● DATA EXTRACT
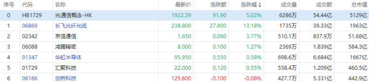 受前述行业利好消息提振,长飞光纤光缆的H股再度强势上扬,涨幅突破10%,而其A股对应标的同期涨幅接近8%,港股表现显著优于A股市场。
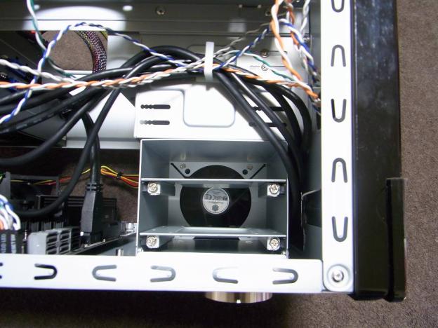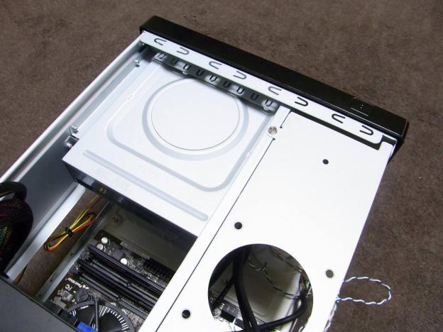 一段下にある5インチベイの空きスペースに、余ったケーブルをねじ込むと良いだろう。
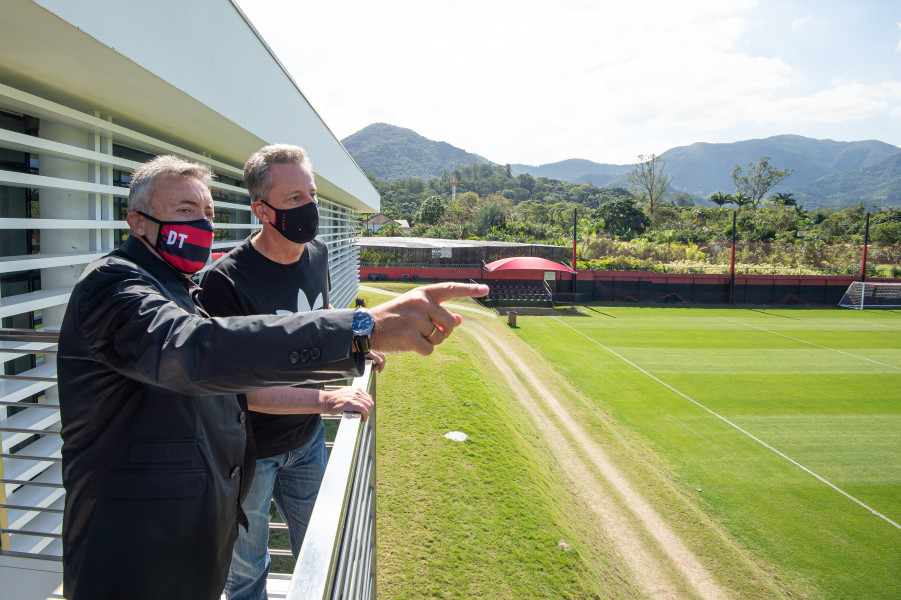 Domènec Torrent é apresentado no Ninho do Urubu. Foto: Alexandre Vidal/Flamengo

==

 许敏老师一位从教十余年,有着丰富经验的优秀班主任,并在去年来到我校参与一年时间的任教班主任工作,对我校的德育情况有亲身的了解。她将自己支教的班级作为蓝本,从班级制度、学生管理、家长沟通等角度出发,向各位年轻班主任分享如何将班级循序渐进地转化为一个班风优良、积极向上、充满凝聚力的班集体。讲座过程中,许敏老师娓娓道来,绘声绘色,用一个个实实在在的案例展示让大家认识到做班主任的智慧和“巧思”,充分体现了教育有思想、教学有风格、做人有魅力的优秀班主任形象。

● AIM OF THE EXERCISE
Look above for the line with "一段下にある5インチベイの空", then print it and each line after it down to and including the line with "Domènec Torrent é". Leave out the pictures and keep the wording exact.

● ANSWER FOR THE TASK
 一段下にある5インチベイの空きスペースに、余ったケーブルをねじ込むと良いだろう。
 Domènec Torrent é apresentado no Ninho do Urubu. Foto: Alexandre Vidal/Flamengo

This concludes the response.